A South African Airways aircraft on the apron of Frankfurt Airport in 2018.
Silas Stein/picture alliance via Getty Images
- SAA business rescue practitioners have proposed a new rescue plan ahead of the creditors’ vote next week.
- The plan proposes a better deal for employees, including financial support and training during a temporary lay-off scheme.
- However, the plan still proposes that 1 000 of the airline’s currently 4 700-strong workforce should be retained.
South African Airways employees are set to walk off with a better deal under amendments to the proposed business rescue plan for the embattled airline.
The flag carrier faces the prospect of liquidation if the plan is not adopted. Creditors are set to vote on the proposed plan next week, on 14 July.
A document published on Wednesday by insolvency practitioners Matuson and Associates thrashed out a range of benefits which have been proposed for the employees.
In an apparent concession to unions, while the restructured SAA will still retain 1 000 staff members of its 4 700-strong workforce, 1 000 staff will be placed on a temporary training or lay-off scheme for a year, during which time they will receive financial assistance towards UIF, as well as pension and medical aid payments.
“SAA will contribute a maximum of R4 650 per month towards each employee’s pension, UIF and company medical aid in respect of the employees placed on temporary or training lay-off,” the document said.
This provision was not part of the previous plan.

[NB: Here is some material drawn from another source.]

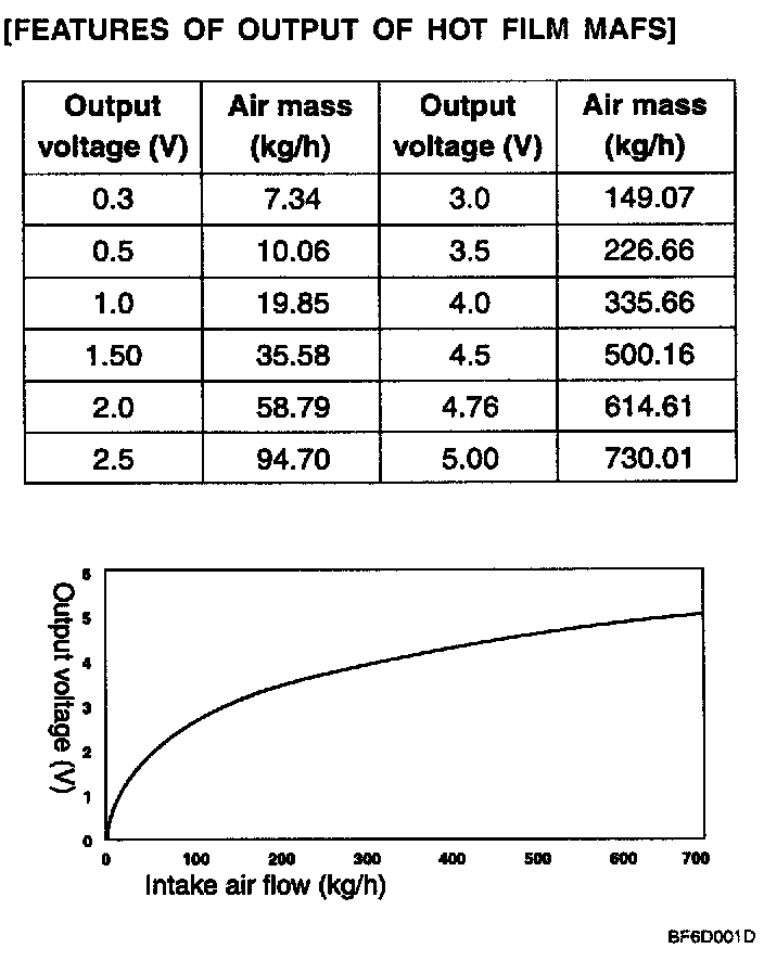 2. If the MAFS sensor output voltage is other than 0 when the ignition switch is turned ON (do not start the engine), check for faulty MAFS and ECM.
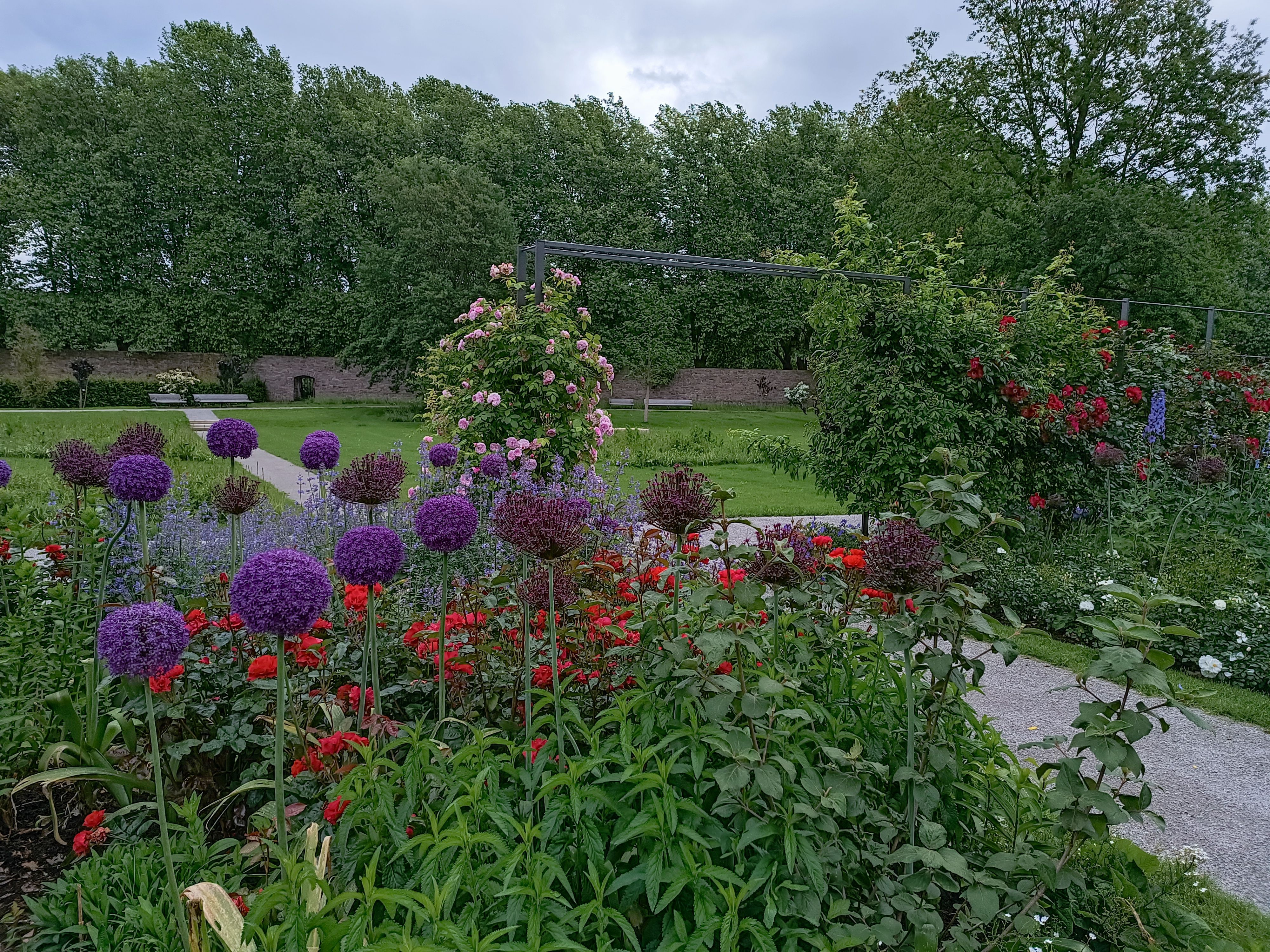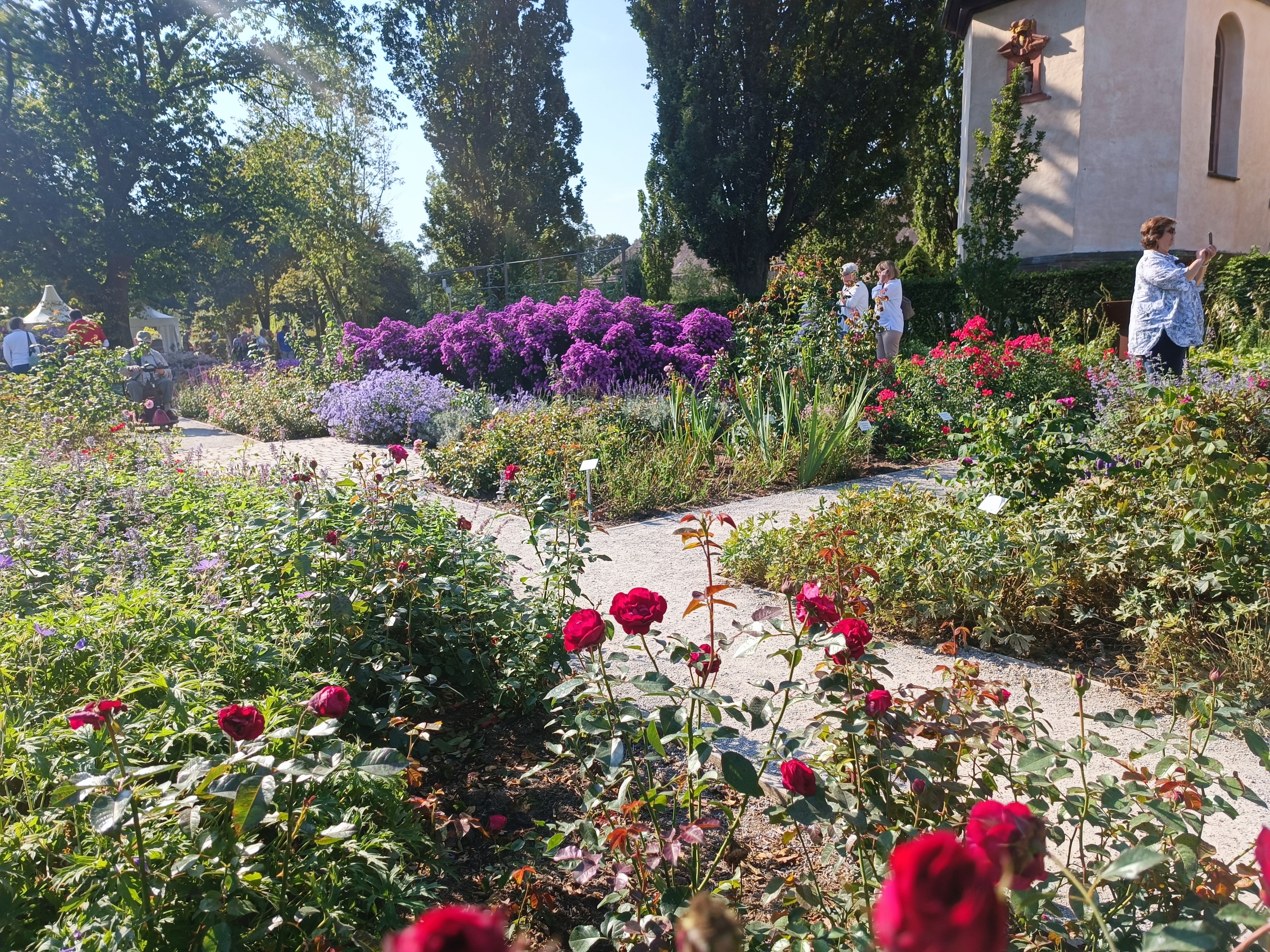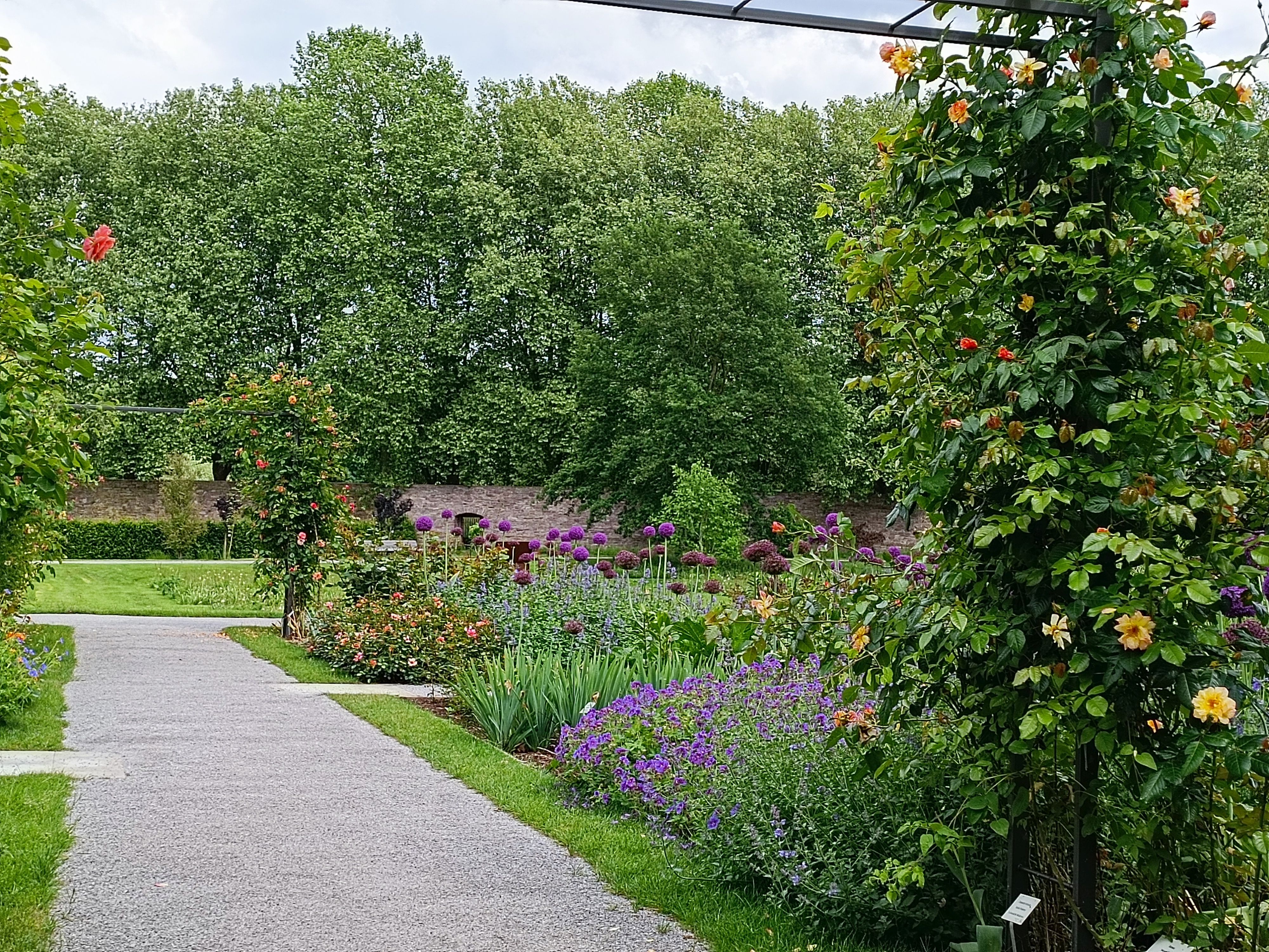 Rosenzeit zu Füßen des Welterbes: Der Rosengarten ist zu dieser Jahreszeit eine Augenweide. An den Bögen ranken sie sich in vielen Farben und Sorten vor der Kulisse von Barockschloss, Klostermauer und Domäne. Kunstvoll kombiniert sind die Rosen mit Stauden wie Rittersporn, Fingerhut, Salbei oder Indianernessel, die übrigens essbar ist. Stolze Lilien erheben sich und die saisonalen Wechselflorbeete stehen jetzt in voller Pracht.

The South African Cabin Crew Association has advised members to accept severance packages. About R2.2 billion has been put aside to fund these severance packages, according to the business rescue plan.
The revised plan further states that employees who are retrenched will be in a “better financial position than in a liquidation” as they will receive full payment of their post-commencement claims. The retained employees will continue to be employed and receive their respective salaries.
In terms of creditors’ claims, lenders will exercise their right to utilise the government guarantee scheme if no payment takes place by 31 August 2020, according to the plan. No assets of the airline would be are made available to pay creditors’ claims in terms of the business rescue plan.
SAA went into business rescue in December 2019 following years of losses and repeated state bailouts.